Breakthrough new blood test detects ovarian cancer at over 90% accuracy

[Oct. 14, 2023: Staff Writer, The Brighter Side of News]

This surpasses the efficacy of many other commercially available tests, spotlighting a promising future for ovarian cancer diagnosis. (CREDIT: Creative Commons)

In the constant pursuit of early cancer detection, a groundbreaking study at the USC Norris Comprehensive Cancer Center unveils the potential of a blood test to distinguish between malignant and benign pelvic masses with a remarkable 91% accuracy.

This surpasses the efficacy of many other commercially available tests, spotlighting a promising future for ovarian cancer diagnosis.

The Silent Threat of Ovarian Cancer

High-grade serous ovarian carcinoma (HGSOC) stands as the most prevalent type of ovarian cancer. Alarmingly, it's also the deadliest. A significant factor contributing to its lethality is the absence of effective early-stage screening techniques. Detecting this cancer during its nascent stages significantly improves treatment outcomes.

High-grade serous ovarian carcinoma (HGSOC) is the most common type of ovarian cancer. (CREDIT: USC)

For patients with pelvic masses — abnormal lumps in the lower abdomen — discerning the benign from the malignant prior to surgical intervention is challenging. Biopsies, standard for many cancer diagnoses, aren't typically viable in these cases, leaving physicians grappling with crucial treatment decisions.

However, recent advancements offer hope. Enter the liquid biopsy.

Liquid Biopsy: The Future of Diagnosis?

Preclinical research, as published in Clinical Cancer Research, unveils a revolutionary blood test detecting circulating nucleic acids. This liquid biopsy offers a potential game-changer: it might ascertain the nature of a pelvic mass more accurately than current tests.

OvaPrint™ Feature Discovery using RRBS in HGSOC and normal tissue. Left pie chart shows the number of HGSOC, normal ovarian, and normal fallopian tissues analyzed by RRBS; right pie chart shows the breakdown by stage of all HGSOC samples. (CREDIT: Clinical Cancer Research)

“Early detection saves lives,” asserts Salhia. “Accurate identification of early-stage ovarian cancer can drastically alter disease outcomes and significantly boost survival rates.”

Inside OvaPrintTM: A Focused Approach

OvaPrintTM, at its core, employs a cell-free DNA methylation liquid biopsy technique. This emerging method seeks out circulating DNA in the bloodstream, specifically targeting DNA exhibiting methylation at particular nucleic acids. DNA methylation, a complex cellular process, can modify gene expression and, crucially, serve as a disease biomarker.
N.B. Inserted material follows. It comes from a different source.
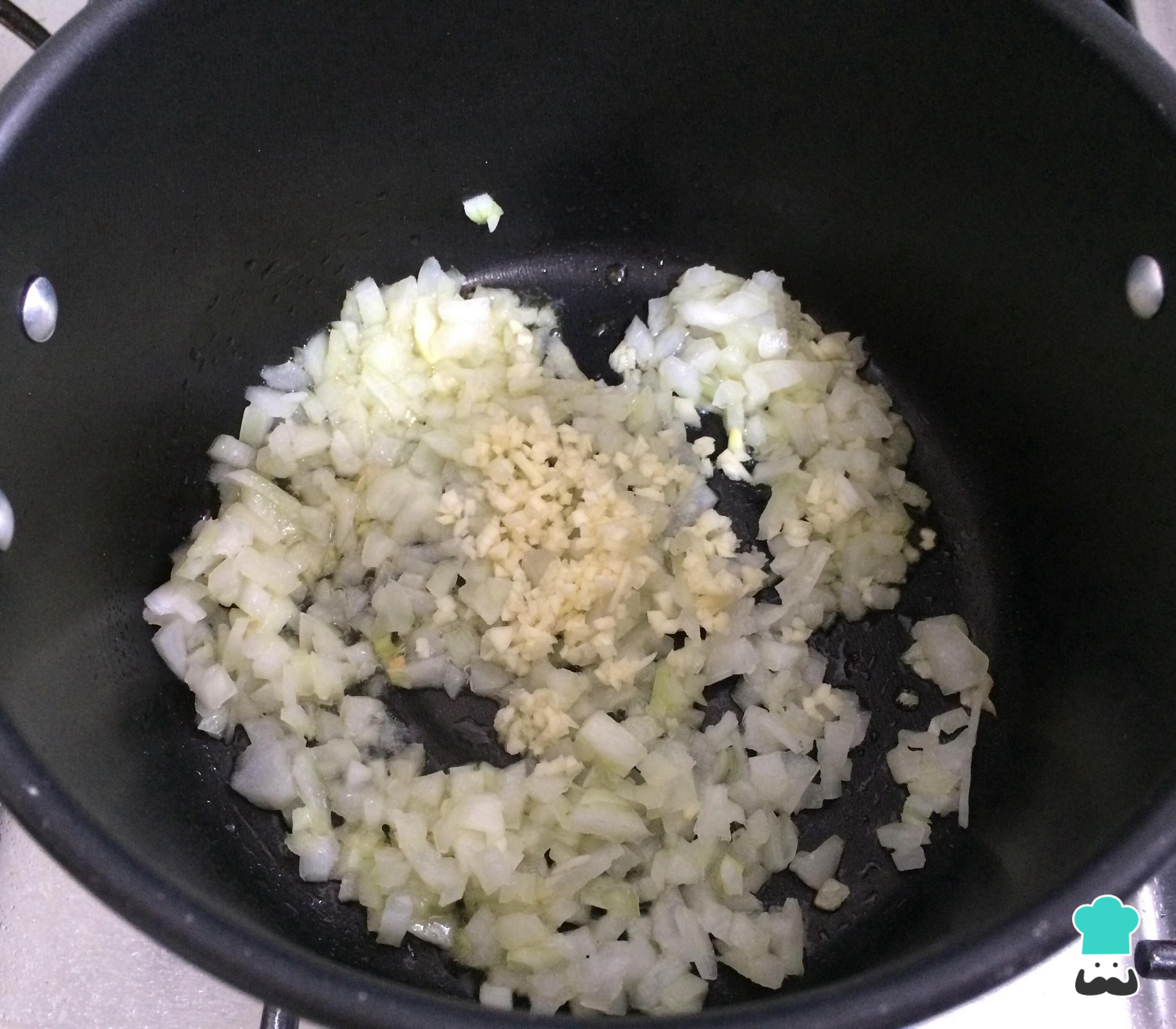En una olla con aceite sofreír la cebolla y el ajo cortado finamente hasta que esté blando.

HGSOC DNA methylation profiles more closely resemble fallopian tube tissue rather than ovarian tissue UMAPs representing genome-wide methylation profiles of HGSOC and normal fallopian and ovarian tissues. The UMAPs are generated from genome wide methylation profiles of each sample at 2,231,688 CpGs. UMAPs are colored by sample type (A) and tumor stage (B). (CREDIT: Clinical Cancer Research)
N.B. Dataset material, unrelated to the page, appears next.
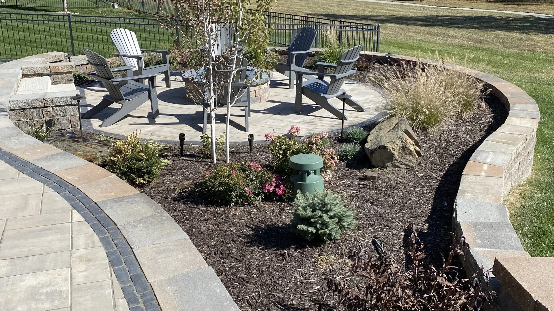 Landscape design, fire pits, full-service maintenance, lawn care, irrigation repairs, and other services are offered.

Current ovarian cancer tests frequently fall short in early-stage detection. OvaPrintTM, by contrast, is engineered to spot HGSOC in its early stages, where treatments can be most effective.
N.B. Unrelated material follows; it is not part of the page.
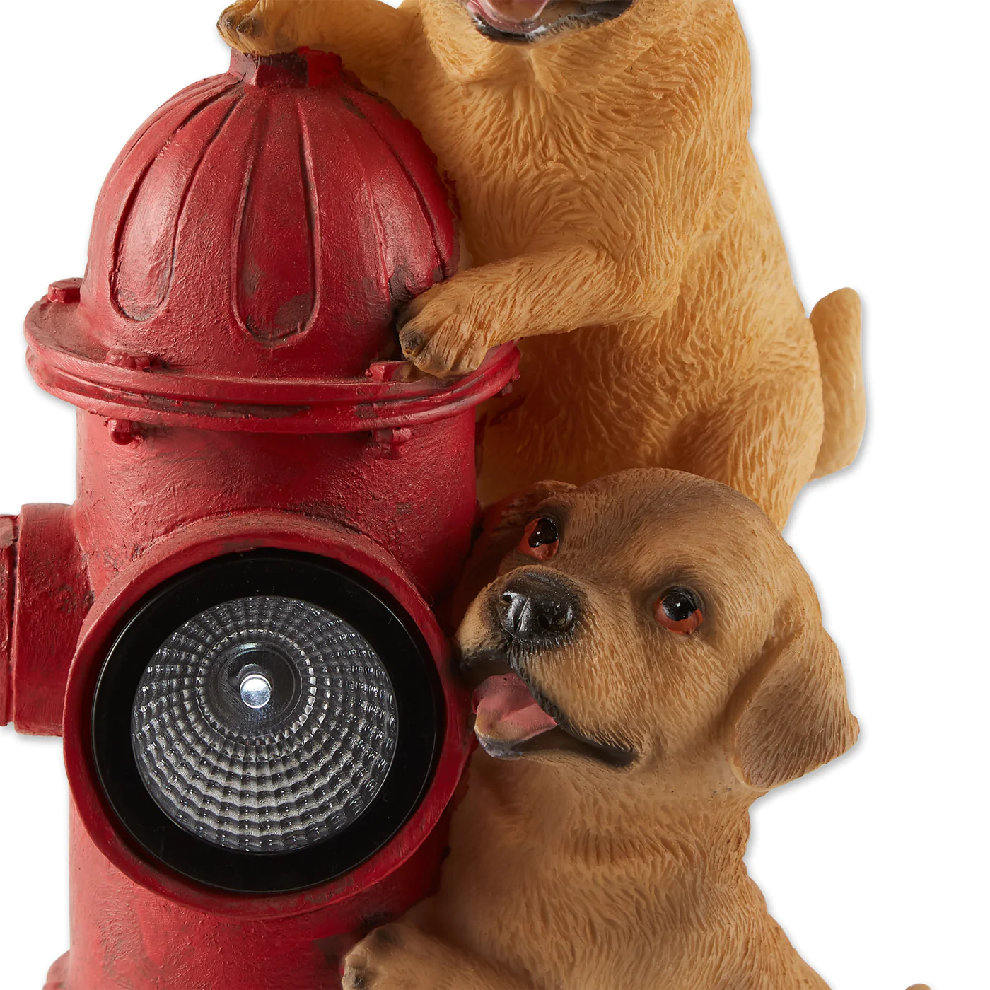 DOGS AND FIRE HYDRANT SOLAR STATUE

Salhia and her team dedicated their efforts exclusively to the HGSOC subtype of ovarian cancer for this research. By collecting and comparing over 370 tissue and blood samples, they pinpointed distinct DNA methylation patterns associated with HGSOC. Subsequent efforts involved crafting a blood test capable of identifying these specific methylated nucleic acids.

Performance of Risk Assessment Classifier for HGSOC vs benign pelvic masses. ROC curve indicating the performance of OvaPrint™ to discriminate between benign pelvic masses and HGSOC . AUC with 95% CI is annotated. (CREDIT: Clinical Cancer Research)

Machine learning further refined their diagnostic process, enabling a classifier that can accurately differentiate between benign masses and HGSOC.

To evaluate a test's reliability, scientists look at its sensitivity (low false negatives) and specificity (low false positives). OvaPrintTM's standout 91% accuracy indicates it excels in both metrics, a feat uncommon in many current tests, Salhia notes.

HGSOC vs normal as evidence for screening utility: Sample Performance visualized by UMAPs and Box Plot. UMAPs of all HGSOC and benign samples run on OvaPrint™ using beta values from the top 25 most important regions. (CREDIT: Clinical Cancer Research)

In light of OvaPrintTM's potential, Salhia founded CpG Diagnostics Inc. to promote its adoption as a transformative diagnostic tool for ovarian cancer.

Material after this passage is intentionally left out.